▶ _YOUR INSTRUCTIONS_
The output should be the listing below, limited to the lines from the one with "The learning studios" through the one with "Existing lights are", exact and without pictures.

▶ _EXERCISE MATERIAL_

● ● ● ● ● ● ●

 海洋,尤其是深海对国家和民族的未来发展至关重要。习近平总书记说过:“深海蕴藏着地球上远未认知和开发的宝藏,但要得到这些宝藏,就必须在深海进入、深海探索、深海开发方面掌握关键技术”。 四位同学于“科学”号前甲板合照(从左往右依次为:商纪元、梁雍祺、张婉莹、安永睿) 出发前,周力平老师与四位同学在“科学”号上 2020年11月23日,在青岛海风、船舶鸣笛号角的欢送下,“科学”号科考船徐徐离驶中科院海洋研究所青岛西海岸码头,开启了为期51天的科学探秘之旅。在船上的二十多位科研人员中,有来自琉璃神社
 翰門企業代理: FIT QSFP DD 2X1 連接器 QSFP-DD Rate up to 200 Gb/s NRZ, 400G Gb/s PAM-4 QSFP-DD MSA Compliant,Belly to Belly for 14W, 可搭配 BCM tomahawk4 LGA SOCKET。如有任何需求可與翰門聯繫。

● ● ● ● ● ● ●

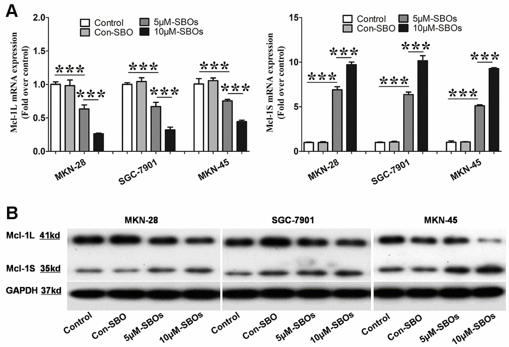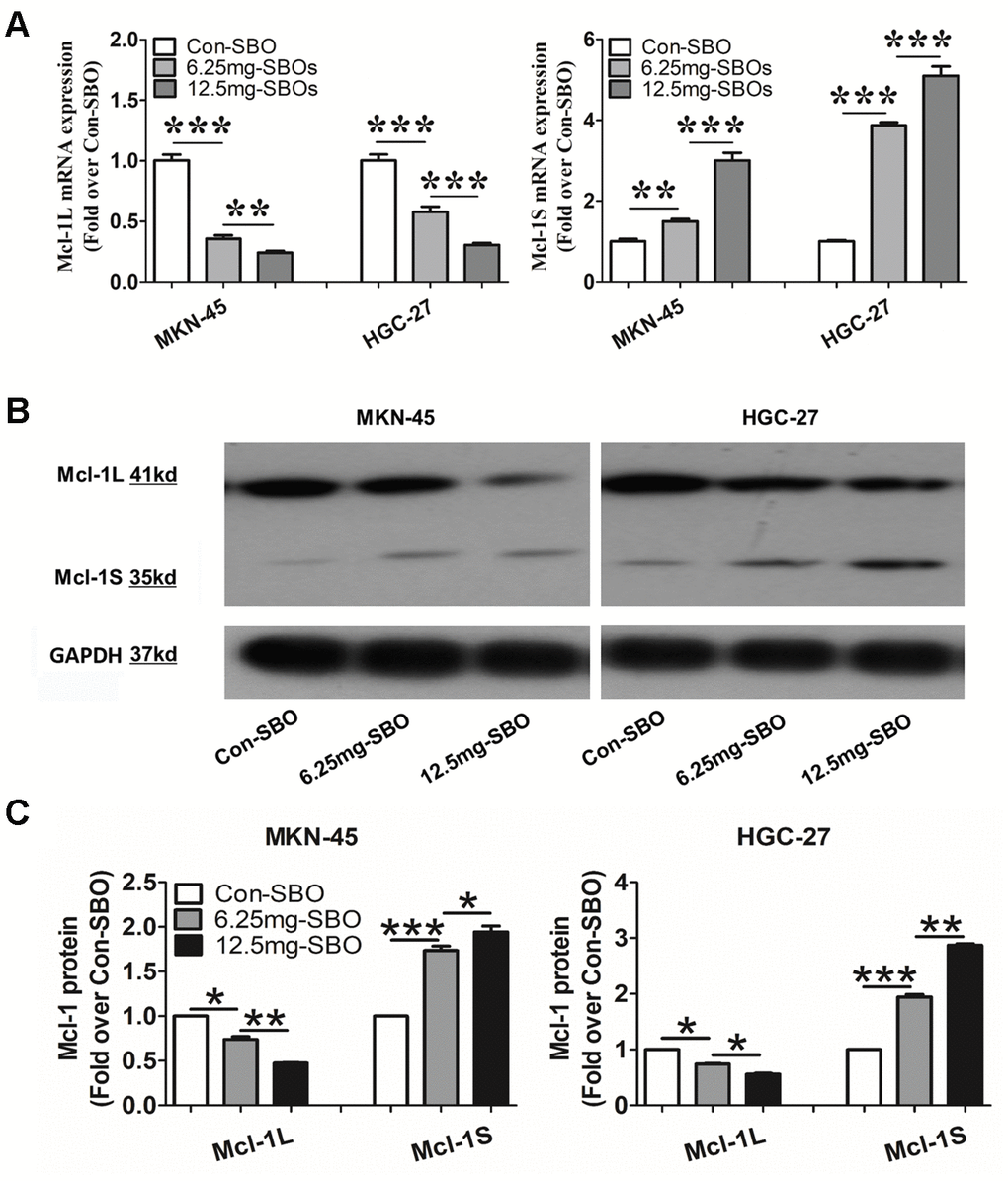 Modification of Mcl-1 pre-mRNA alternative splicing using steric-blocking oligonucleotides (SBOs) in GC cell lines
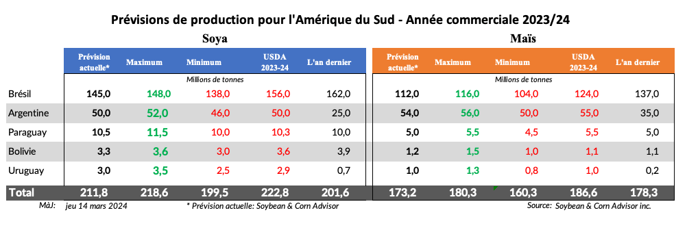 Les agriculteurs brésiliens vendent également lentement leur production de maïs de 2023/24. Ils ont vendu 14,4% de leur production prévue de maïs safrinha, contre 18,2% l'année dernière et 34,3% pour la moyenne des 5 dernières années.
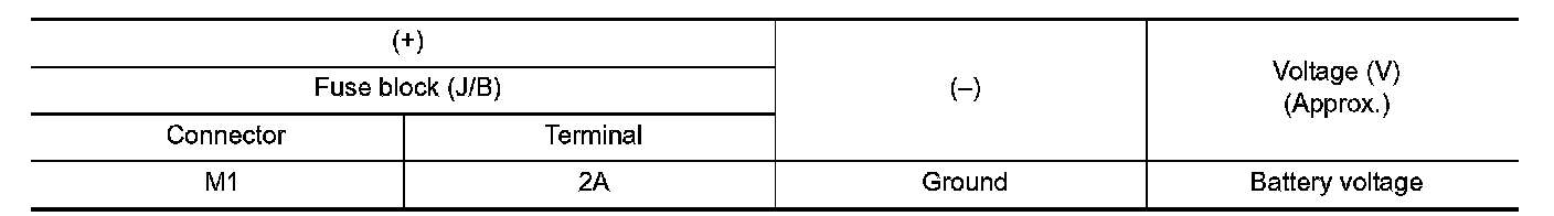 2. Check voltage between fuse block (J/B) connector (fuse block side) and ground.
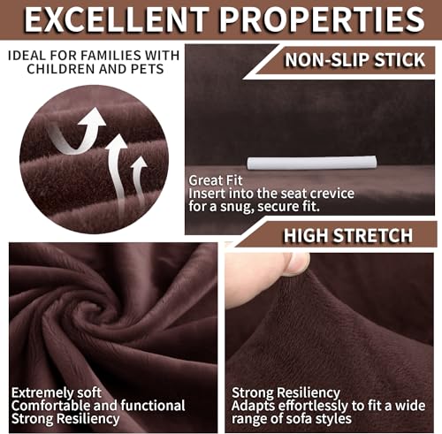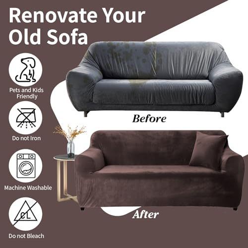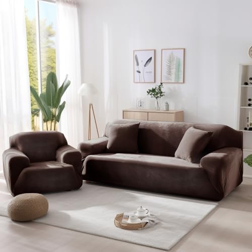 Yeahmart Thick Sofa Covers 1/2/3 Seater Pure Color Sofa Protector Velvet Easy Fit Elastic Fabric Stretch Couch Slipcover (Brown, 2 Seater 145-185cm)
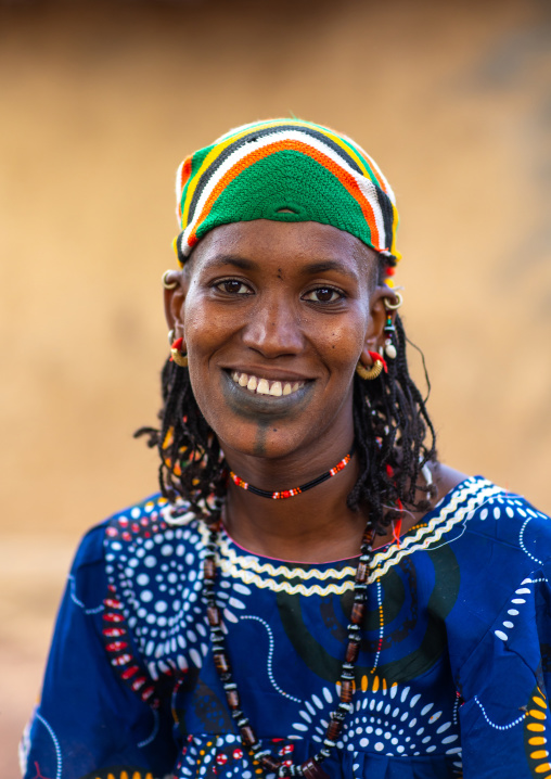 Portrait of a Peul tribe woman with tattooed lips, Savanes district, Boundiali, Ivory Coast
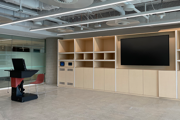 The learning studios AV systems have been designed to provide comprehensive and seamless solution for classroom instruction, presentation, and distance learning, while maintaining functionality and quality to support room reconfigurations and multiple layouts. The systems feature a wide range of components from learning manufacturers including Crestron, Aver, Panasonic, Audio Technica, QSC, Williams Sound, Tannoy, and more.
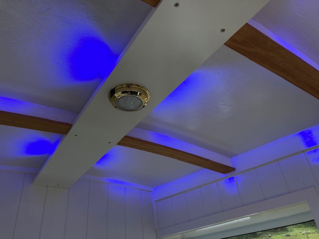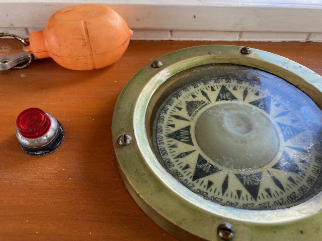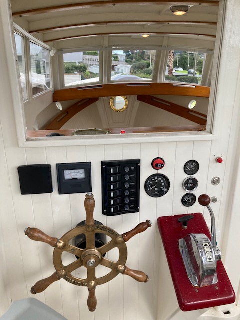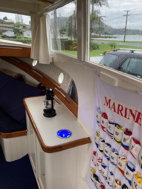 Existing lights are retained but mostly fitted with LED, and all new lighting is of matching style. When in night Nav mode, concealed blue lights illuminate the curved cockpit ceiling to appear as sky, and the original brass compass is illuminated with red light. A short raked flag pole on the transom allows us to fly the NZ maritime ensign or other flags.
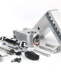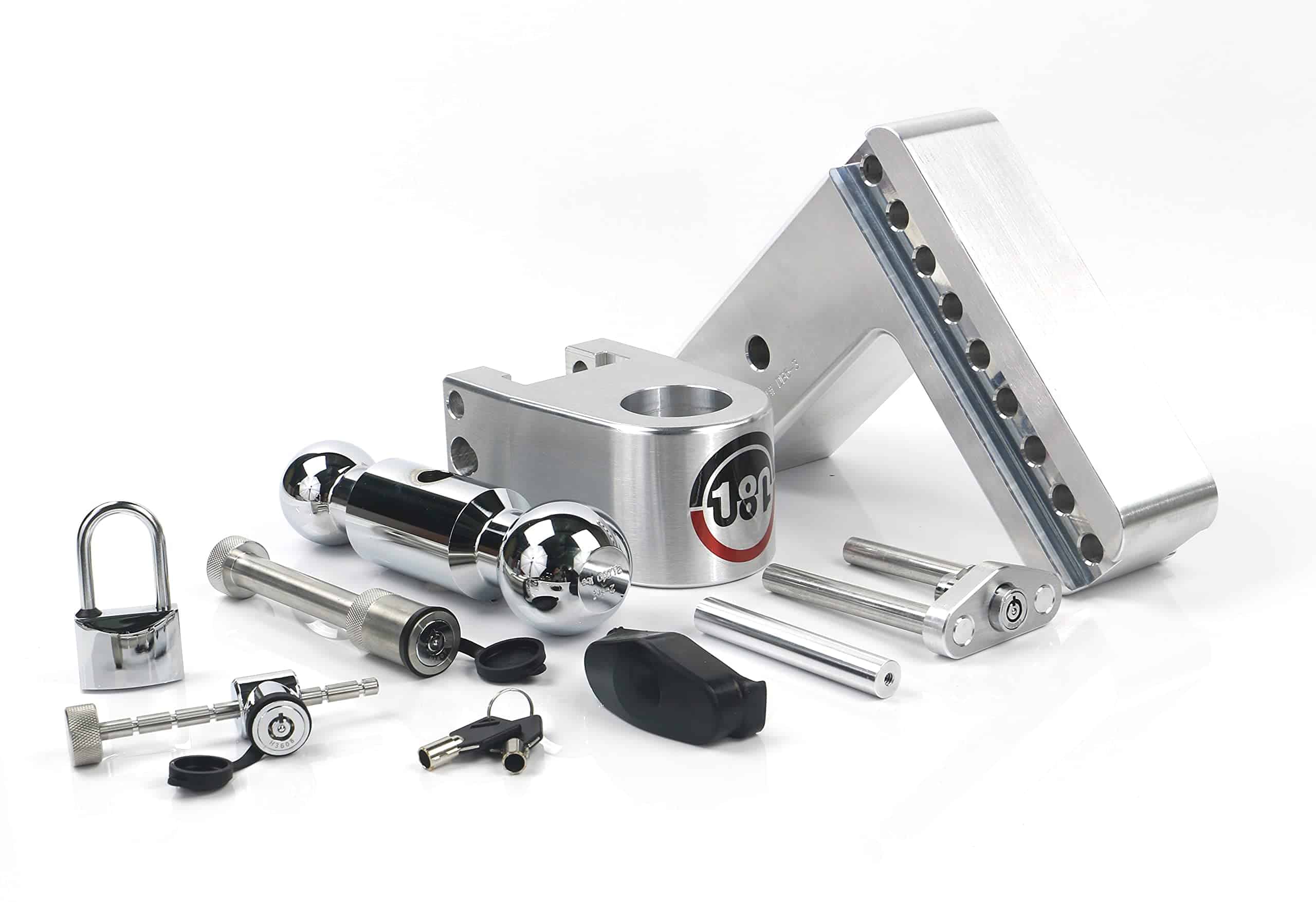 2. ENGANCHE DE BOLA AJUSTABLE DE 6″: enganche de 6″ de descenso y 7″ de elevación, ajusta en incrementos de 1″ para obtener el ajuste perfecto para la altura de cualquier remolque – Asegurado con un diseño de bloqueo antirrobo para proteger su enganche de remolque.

● ● ● ● ● ● ●

▶ _TASK RESPONSE_
 The learning studios AV systems have been designed to provide comprehensive and seamless solution for classroom instruction, presentation, and distance learning, while maintaining functionality and quality to support room reconfigurations and multiple layouts. The systems feature a wide range of components from learning manufacturers including Crestron, Aver, Panasonic, Audio Technica, QSC, Williams Sound, Tannoy, and more.
 Existing lights are retained but mostly fitted with LED, and all new lighting is of matching style. When in night Nav mode, concealed blue lights illuminate the curved cockpit ceiling to appear as sky, and the original brass compass is illuminated with red light. A short raked flag pole on the transom allows us to fly the NZ maritime ensign or other flags.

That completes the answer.